Each line entered by the user is immediately output to the screen by the cat command.

In another example, the command sort reads into the body of the file by line (when the file name is not given in the command line, it reads from the standard input), sorts it, and sends the result to standard output. The following example reads a purchase order from the standard input and sorts it.

$ sort

Bananas

Carrots

Apples

Apples

Bananas

Carrots

$

At this point we got a sorted purchase order on the screen.

The following issues exist with the direct use of standard input/output files:

Input data from the terminal input, the user costs a half-day input data can only be used once. The next time you want to use this data, you have to re-enter it. And in the terminal input, if the input is wrong to modify it is not very convenient.

The information output to the terminal screen can only be viewed as not moving. We cannot do more with this output, such as further processing of the output as input to another command.

To solve these problems, the Linux system introduces two other mechanisms, input/output redirection and pipeline, for input and output transmission.

2. Input redirection

Input redirection refers to redirecting the standard input of a command (or executable program) to a specified file.

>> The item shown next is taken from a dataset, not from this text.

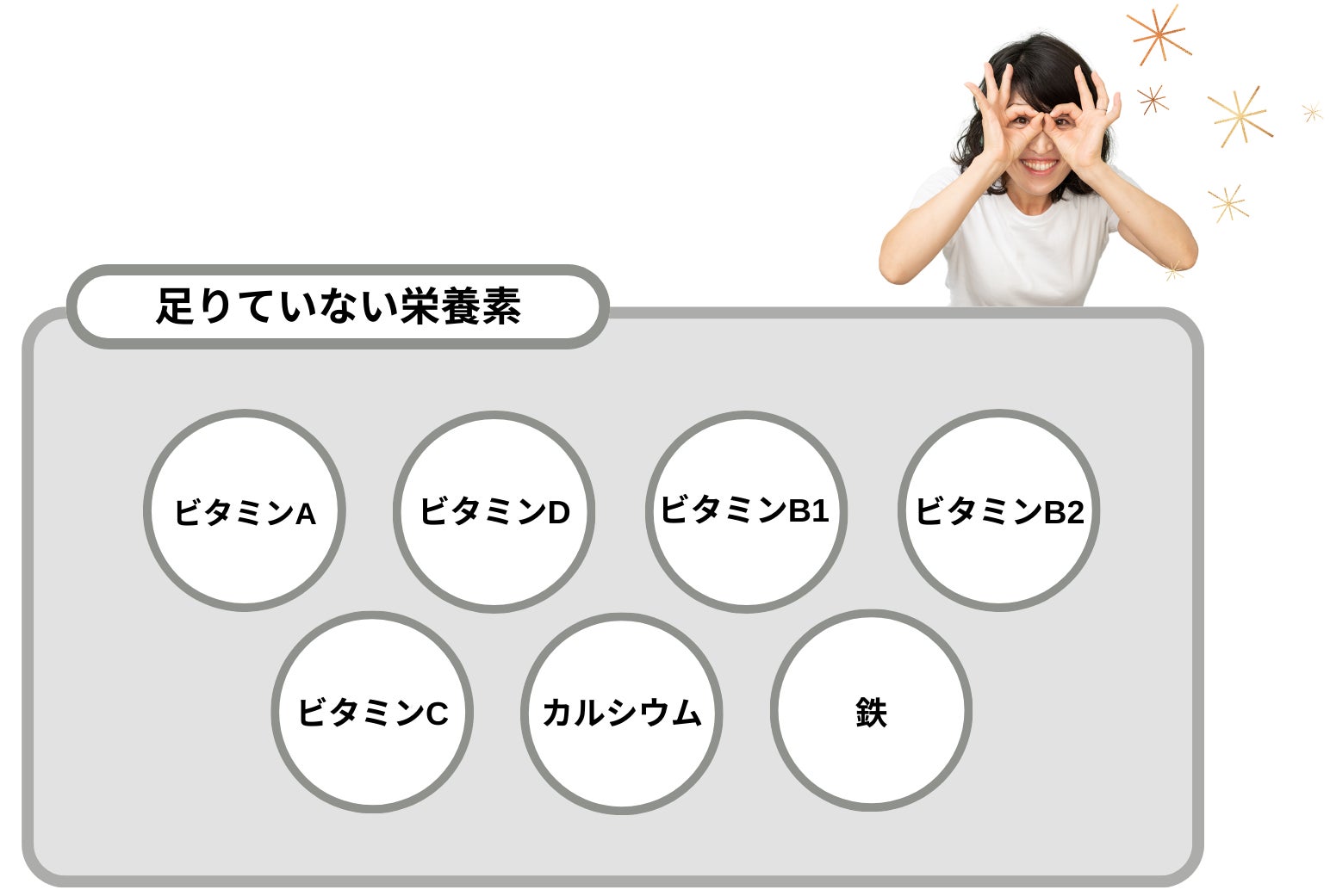 YOKAYOのふりかけは、大学病院に所属していた管理栄養士がレシピを考案しています。厚生労働省の報告資料(※1,2)をもとに、3歳~12 歳の子どもたちの栄養状況を調べたところ、多くの栄養素が不足していることを発見!!

That is, the input may not come from the keyboard, but from a specified file. So, input redirection is primarily used to change the input source of a command, especially to change input sources that require a lot of input.

For example, the command WC statistic specifies the number of rows, words, and characters that the file contains. If you type only on the command line:

$ WC

The WC waits for the user to tell it what to count, and then the shell seems to be dead, all the text typed from the keyboard appears on the screen, but nothing happens until the is pressed, and the WC writes the command result on the screen.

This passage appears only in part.